• Requirement: From the line containing "variety of jobs" through the last line below, copy every line exactly, leaving out the pictures.

####

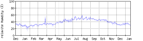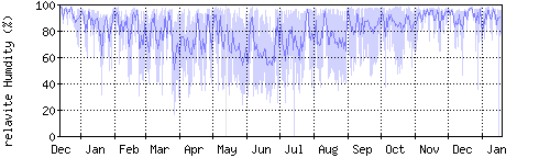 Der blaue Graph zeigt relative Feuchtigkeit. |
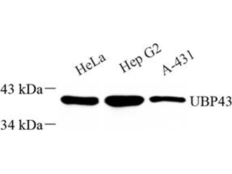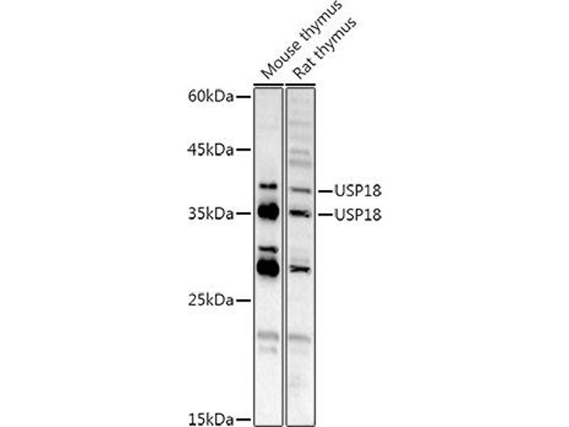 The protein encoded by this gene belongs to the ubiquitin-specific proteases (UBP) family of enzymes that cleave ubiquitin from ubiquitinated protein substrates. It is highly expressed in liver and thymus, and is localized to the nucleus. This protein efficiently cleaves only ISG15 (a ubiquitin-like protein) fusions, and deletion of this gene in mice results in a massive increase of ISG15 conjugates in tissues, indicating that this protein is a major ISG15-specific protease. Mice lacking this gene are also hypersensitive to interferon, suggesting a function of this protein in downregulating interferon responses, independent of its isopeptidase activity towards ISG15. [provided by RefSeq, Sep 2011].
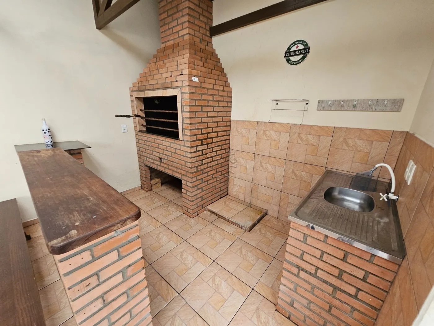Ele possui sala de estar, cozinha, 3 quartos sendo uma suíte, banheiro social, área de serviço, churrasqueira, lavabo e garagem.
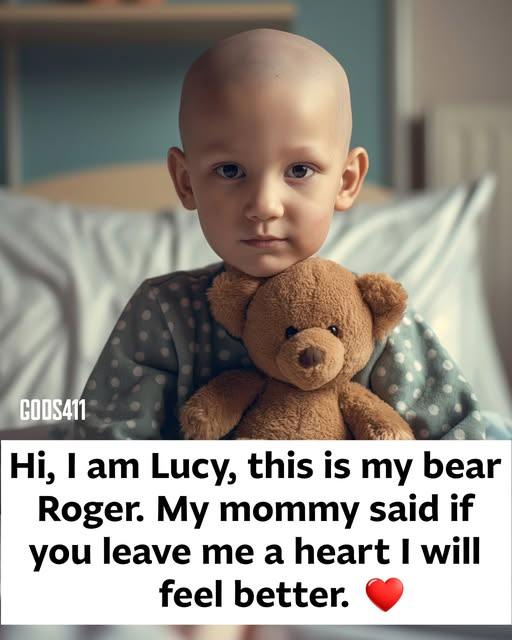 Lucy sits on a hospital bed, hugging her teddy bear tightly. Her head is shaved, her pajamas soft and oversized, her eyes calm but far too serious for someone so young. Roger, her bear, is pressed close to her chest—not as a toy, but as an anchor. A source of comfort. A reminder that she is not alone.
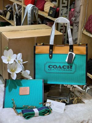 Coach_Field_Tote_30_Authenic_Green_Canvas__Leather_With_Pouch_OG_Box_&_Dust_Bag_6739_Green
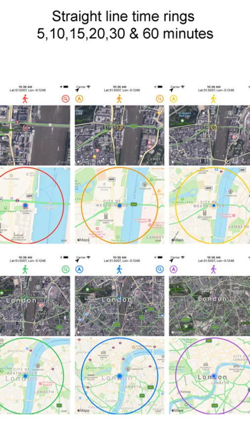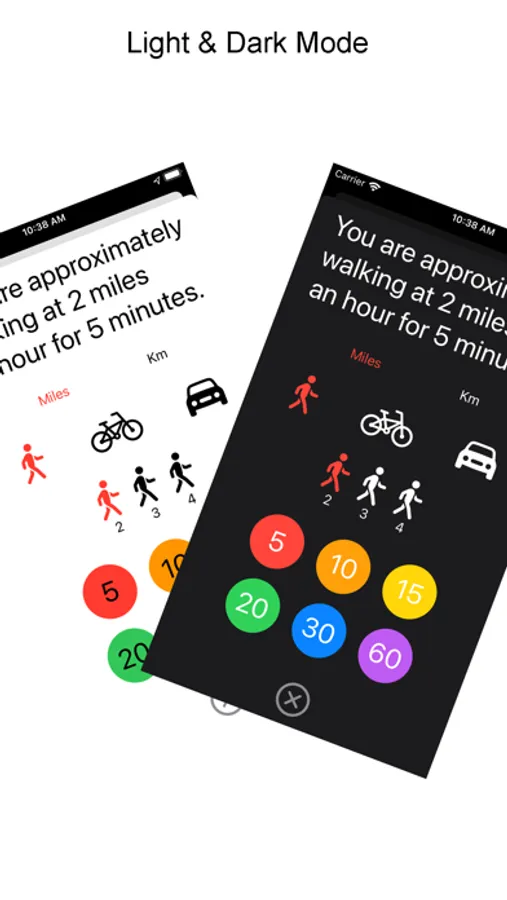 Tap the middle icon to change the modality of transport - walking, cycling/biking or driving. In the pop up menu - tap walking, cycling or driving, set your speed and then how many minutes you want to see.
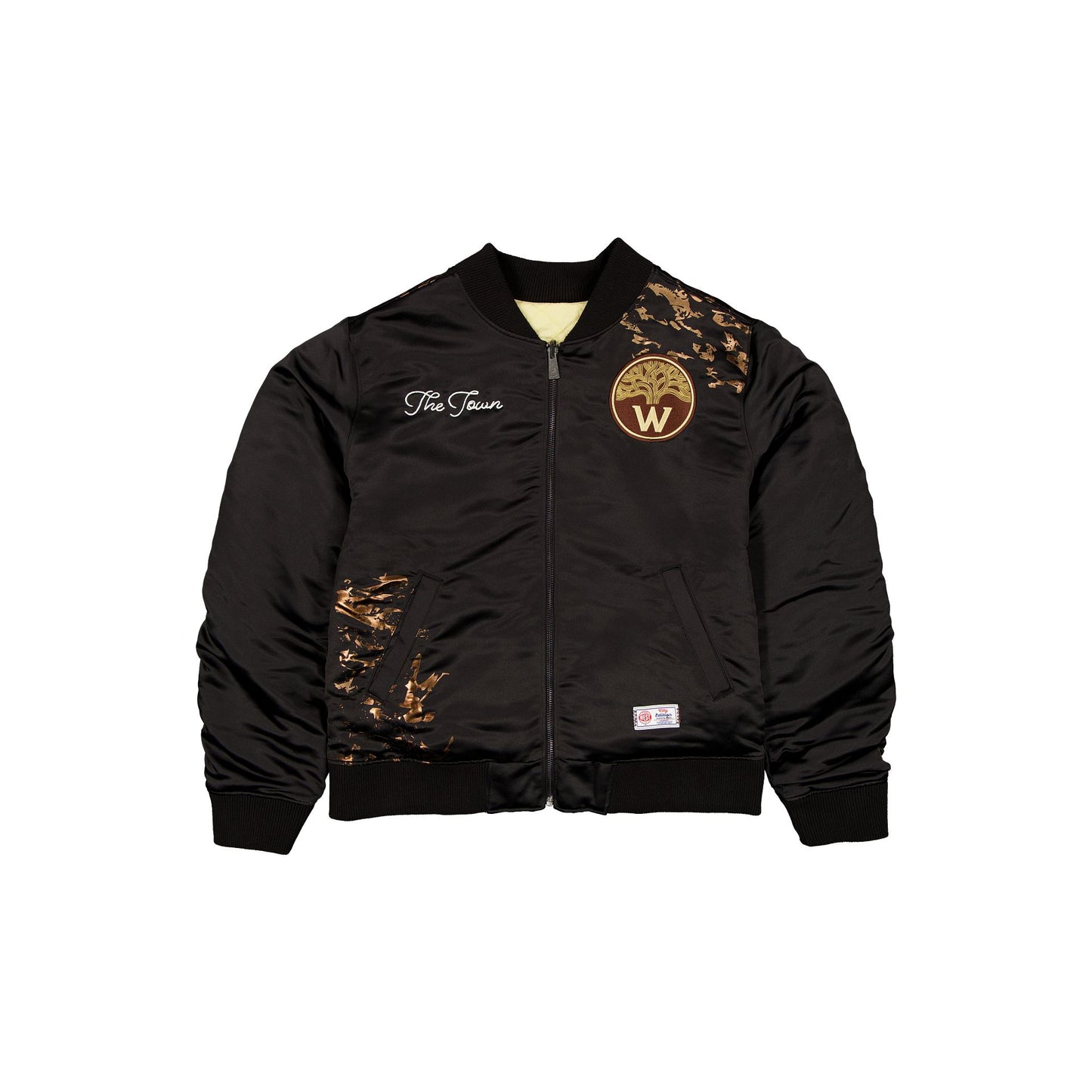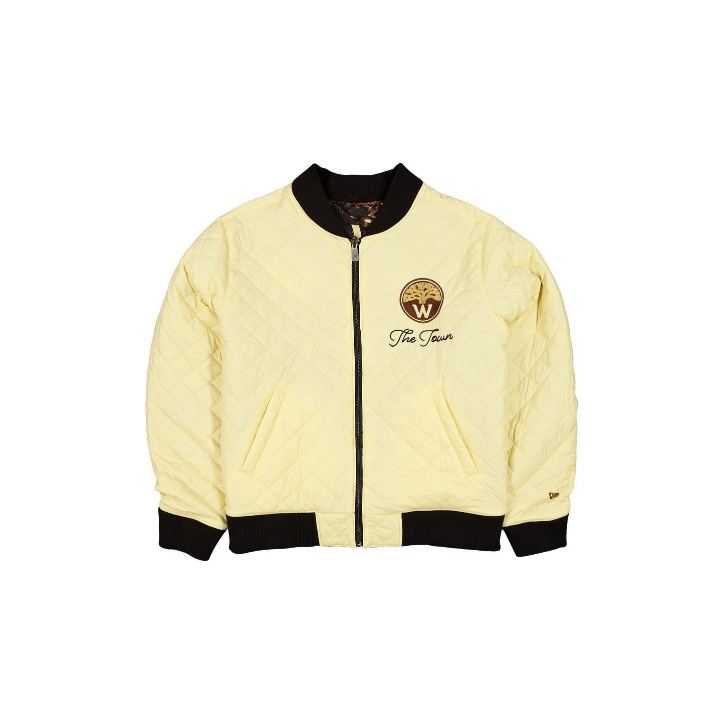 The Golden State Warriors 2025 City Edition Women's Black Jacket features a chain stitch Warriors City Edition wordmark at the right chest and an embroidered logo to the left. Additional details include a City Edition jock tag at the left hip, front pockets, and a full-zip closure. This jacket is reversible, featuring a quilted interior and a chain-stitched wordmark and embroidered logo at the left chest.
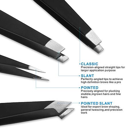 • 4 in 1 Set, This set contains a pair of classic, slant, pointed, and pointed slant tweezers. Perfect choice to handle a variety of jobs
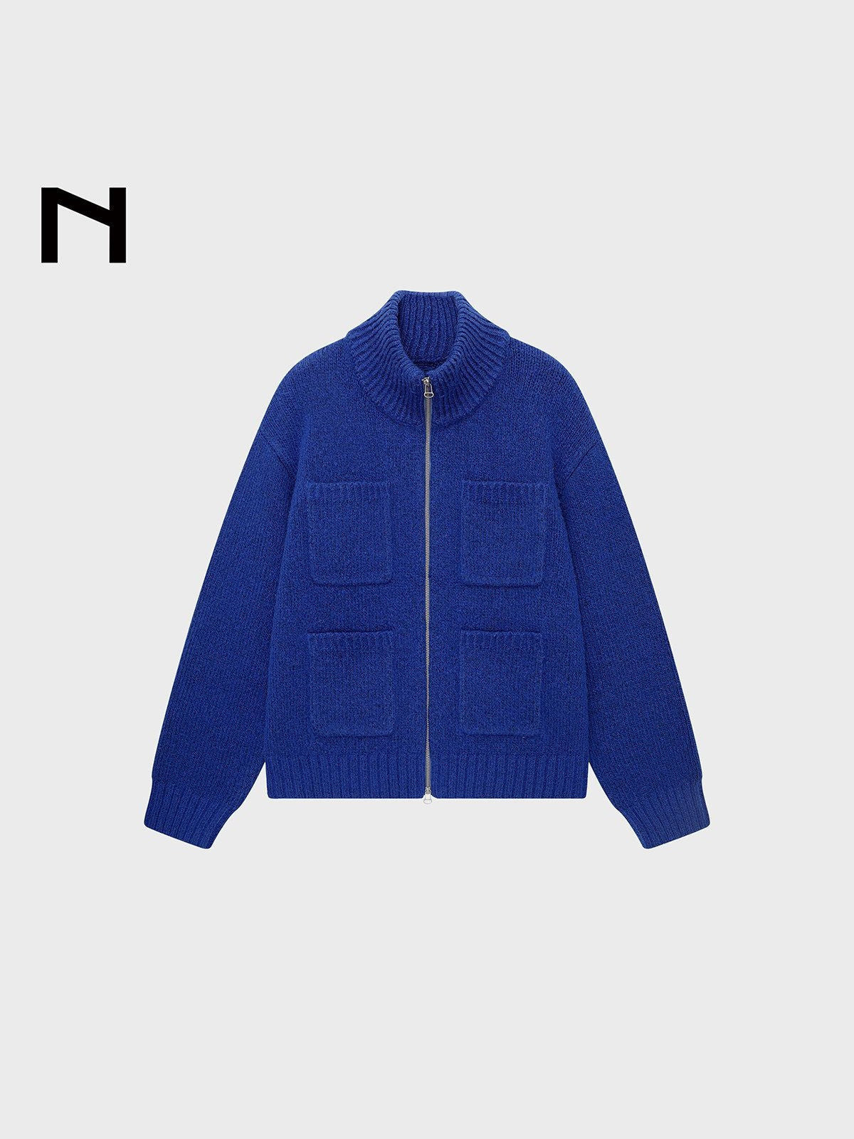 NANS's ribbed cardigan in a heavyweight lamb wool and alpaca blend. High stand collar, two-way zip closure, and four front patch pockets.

####

• Response to the task:
 • 4 in 1 Set, This set contains a pair of classic, slant, pointed, and pointed slant tweezers. Perfect choice to handle a variety of jobs
 NANS's ribbed cardigan in a heavyweight lamb wool and alpaca blend. High stand collar, two-way zip closure, and four front patch pockets.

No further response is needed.